* [EXERCISE INSTRUCTIONS]
Quote the listing below word for word, stopping after the line that contains "Изображение белоснежного Храма".

* [ENTRIES SHOWN]
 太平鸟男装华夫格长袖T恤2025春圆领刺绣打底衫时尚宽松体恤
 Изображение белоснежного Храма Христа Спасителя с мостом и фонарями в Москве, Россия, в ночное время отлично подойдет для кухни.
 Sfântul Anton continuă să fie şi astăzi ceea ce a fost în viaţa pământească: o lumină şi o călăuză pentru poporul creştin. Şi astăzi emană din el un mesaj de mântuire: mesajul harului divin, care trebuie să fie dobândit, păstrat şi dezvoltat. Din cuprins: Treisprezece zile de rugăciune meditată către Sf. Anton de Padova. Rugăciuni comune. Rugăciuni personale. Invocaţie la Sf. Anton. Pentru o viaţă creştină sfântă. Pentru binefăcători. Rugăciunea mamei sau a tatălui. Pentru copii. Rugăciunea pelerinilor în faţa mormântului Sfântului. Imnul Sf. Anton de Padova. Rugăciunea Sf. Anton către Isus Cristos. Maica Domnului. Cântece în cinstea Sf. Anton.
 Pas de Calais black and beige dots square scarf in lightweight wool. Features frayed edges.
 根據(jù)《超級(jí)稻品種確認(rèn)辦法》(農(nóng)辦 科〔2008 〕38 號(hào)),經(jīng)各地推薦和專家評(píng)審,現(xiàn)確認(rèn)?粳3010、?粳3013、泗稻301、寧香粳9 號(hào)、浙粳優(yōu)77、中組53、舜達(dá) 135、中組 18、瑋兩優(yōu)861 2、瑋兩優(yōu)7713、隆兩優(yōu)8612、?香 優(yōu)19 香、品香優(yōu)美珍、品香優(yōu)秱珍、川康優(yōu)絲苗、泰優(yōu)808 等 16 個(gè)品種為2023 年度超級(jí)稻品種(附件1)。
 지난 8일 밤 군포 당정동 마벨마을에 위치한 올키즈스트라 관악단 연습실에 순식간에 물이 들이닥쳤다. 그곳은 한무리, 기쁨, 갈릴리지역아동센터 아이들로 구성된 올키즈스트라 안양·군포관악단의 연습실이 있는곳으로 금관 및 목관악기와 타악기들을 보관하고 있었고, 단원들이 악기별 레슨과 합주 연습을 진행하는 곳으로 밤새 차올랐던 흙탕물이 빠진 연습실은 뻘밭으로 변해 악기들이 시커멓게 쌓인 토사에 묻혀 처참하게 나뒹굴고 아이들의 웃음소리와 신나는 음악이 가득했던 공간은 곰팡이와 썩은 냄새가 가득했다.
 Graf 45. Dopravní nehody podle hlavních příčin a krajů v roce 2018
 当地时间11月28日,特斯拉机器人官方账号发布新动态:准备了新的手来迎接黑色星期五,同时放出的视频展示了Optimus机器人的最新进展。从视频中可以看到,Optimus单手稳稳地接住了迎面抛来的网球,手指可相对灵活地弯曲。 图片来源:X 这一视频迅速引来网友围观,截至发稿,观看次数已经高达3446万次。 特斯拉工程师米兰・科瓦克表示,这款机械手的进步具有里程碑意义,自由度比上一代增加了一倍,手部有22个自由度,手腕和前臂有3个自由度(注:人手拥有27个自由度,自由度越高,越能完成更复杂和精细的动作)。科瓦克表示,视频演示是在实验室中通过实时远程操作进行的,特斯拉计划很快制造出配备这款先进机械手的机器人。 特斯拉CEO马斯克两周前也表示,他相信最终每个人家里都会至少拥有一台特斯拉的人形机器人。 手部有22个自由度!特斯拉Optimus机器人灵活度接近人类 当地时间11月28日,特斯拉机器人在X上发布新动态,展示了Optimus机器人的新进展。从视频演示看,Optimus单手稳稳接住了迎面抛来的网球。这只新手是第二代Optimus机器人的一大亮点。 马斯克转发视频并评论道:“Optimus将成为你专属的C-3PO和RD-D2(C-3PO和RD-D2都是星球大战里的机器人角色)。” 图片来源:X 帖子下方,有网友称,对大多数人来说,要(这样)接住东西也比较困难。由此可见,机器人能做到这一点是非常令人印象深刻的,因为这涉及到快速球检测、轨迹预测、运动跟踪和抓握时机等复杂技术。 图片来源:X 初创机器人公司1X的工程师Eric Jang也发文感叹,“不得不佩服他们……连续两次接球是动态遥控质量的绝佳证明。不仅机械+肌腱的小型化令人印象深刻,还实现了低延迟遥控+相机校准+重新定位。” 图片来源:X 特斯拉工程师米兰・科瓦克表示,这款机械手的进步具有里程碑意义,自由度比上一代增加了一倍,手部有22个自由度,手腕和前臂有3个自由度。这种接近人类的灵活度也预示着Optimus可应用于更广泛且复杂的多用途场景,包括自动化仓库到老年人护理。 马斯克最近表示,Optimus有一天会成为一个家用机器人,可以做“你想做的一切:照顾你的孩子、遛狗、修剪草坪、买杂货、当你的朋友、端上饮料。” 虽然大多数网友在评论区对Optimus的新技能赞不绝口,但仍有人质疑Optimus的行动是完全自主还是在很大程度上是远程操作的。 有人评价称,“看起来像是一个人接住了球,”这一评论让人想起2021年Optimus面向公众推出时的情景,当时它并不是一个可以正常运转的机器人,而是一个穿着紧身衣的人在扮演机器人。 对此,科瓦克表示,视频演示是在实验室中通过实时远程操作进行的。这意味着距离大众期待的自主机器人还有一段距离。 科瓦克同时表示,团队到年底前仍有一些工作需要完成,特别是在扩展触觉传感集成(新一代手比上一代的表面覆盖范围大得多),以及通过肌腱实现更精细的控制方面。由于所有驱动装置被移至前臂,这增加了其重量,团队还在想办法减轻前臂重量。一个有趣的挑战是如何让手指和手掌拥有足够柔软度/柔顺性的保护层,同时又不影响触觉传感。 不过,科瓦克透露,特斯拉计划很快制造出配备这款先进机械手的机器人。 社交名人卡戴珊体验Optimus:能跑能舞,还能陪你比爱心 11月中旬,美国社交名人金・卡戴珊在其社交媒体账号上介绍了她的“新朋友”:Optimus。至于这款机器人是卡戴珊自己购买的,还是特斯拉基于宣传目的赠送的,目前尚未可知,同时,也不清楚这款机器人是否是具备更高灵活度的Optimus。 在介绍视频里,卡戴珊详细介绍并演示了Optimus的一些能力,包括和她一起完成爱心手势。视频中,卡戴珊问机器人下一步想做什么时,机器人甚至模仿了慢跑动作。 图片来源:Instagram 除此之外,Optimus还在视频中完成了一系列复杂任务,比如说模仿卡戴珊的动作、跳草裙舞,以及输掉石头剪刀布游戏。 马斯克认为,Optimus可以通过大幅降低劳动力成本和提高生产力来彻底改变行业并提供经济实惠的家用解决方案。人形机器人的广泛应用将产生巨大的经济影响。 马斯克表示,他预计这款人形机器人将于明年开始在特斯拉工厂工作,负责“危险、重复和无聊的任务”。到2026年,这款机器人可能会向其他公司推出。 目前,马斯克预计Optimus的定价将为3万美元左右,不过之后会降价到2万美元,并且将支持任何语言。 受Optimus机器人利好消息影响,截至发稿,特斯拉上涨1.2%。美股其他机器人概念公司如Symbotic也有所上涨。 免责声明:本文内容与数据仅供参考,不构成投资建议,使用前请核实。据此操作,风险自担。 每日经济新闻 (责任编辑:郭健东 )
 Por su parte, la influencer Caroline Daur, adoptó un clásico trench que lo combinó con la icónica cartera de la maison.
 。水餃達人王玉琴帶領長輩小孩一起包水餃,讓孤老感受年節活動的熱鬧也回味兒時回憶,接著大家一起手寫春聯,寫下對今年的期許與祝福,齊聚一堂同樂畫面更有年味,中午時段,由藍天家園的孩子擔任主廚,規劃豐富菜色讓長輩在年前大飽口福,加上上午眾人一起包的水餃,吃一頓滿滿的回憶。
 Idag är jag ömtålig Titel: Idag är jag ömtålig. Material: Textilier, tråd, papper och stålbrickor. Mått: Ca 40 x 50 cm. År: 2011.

* [WRITTEN ANSWER]
 太平鸟男装华夫格长袖T恤2025春圆领刺绣打底衫时尚宽松体恤
 Изображение белоснежного Храма Христа Спасителя с мостом и фонарями в Москве, Россия, в ночное время отлично подойдет для кухни.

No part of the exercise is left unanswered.